A couple of years later the Blanks 77 broke up, and left a huge hole in the New York Scene. But worse than that, in my drinking schedule. The band, half of them not talking to one another, left me no choice but find new friends. Especially at the Mars Bar.
Then something amazing happened. Dean, in his infinite wisdom, decided to throw a band together, taking Renee Wasted, the guitarist from Blanks 77, with him. He got this guy Antny on second guitar, Nelson on bass and my ex-drummer and Blanks 77 ex-drummer Kid Lynch on drums. When Dean told me about this, I couldn’t wait to hear him sing.
Then he dropped the bombshell on me.
"George," he said, in that Sex Machine kind of voice the man possesses, "I’m not the singer."
"What the fuck?" I asked my friend and now my babysitter.
Dean then explained that the band is named after him, but they have a chick singer. Actually, they’re on their second one now, Jody. She looks like a hot schoolteacher who practices s&m on the side, and sings like Alvin, Simon and Theodore all rolled up into one.
"So what do you do?" I asked him.
"I just introduce the band by saying, ‘I’m Dean Dean and these are my Sex Machines!’" he replied.
I was floored.
It was pure genius. Not only does the guy not have to waste his time onstage for a whole set, but he doesn’t have to throw out his voice either. On top of that, he can scam on chicks during the band’s entire set, and he has no equipment to move!
Obviously, I was jealous.
A few days ago Dean and Renee came over to Nick’s place for the following interview, where we were only interrupted by P.J., my Yorkie, bringing them his toys plus Wendy’s underwear, and my awful hangover, which had me running to my stepdad’s bathroom every few minutes.
Dean, how’d you get the name Dean Dean the Sex Machine?
RW: The Blanks were on tour in Florida, and Dean came down to visit his cousin and us, and we started calling him Dean Dean the Miami Sound Machine. [laughs]. Once we left Miami, that didn’t work, so we figured he had more sex than anybody because the roadies always get more sex.
RW: Because the band is busy playing and all he has to do is stand around and look at cute girls and pick them up.

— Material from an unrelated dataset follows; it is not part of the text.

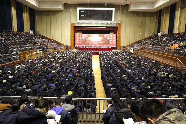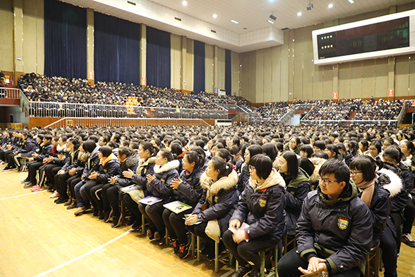吕校长提出2018年,我校将以习近平新时代中国特色社会主义思想为指导,全面贯彻落实党的十九大精神,把握新时代新机遇,立足新起点新目标,以“加速内涵发展,提升办学品位”为目标,坚持“为学生的终身发展奠基,为教师的幸福成长铺路”的办学宗旨。创新特色,精细管理,全面落实新型教育观,全面深化素质教育,加强教学研究,推进高效课堂,有效提升核心素养,促进学生全面发展,教学质量全省领先。力争小高考、高考再创辉煌。继续深化常规教育,行为规范力求实效,特色教育打造精品。创新阳光高中生的育人思路,推进“核心价值观”和“八礼四仪”教育。探索更加有效的育人模式和多元化的办学道路,办好高品质高中。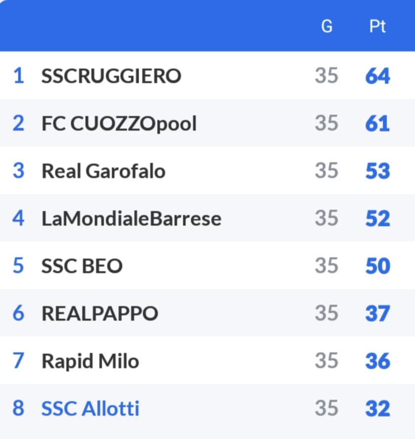 Anche il Finale di Campionato con il vincitore decretato alla fine…dove il 1° Classificato per 3 punti si è distanziato dal 2° Posto.

Plus, he’s not a very good roadie.
DDTSM: I can’t argue with that.
So the Sex Machine name?
RW: Well, it was because he was having sex, we weren’t, and it’s the whole nickname thing. Plus it rhymes.
Isn’t it a Gong Show reference?
DDTSM: That’s Gene Gene the dancing machine.
RW: Although Dean is a dancing machine. But sex machine sounds cooler.
Renee, why did the Blanks pack it in? In two words…
RW: Burn Out.
DDTSM: They were all burnt out.
The new band–who writes the songs?
RW: Me and Antny. And Jody writes lyrics occasionally.
DDTSM: I wrote like three lines!
RW: Race car lyrics! For the boy love song! [laughs]
So what’s the plan with the band?
RW: Oh jeez.
DDTSM: There has to be a plan?
RW: No one told me there has to be a plan. [laughs]
DDTSM: I just want to get laid.
RW: Um…do you mean short-term or long-term?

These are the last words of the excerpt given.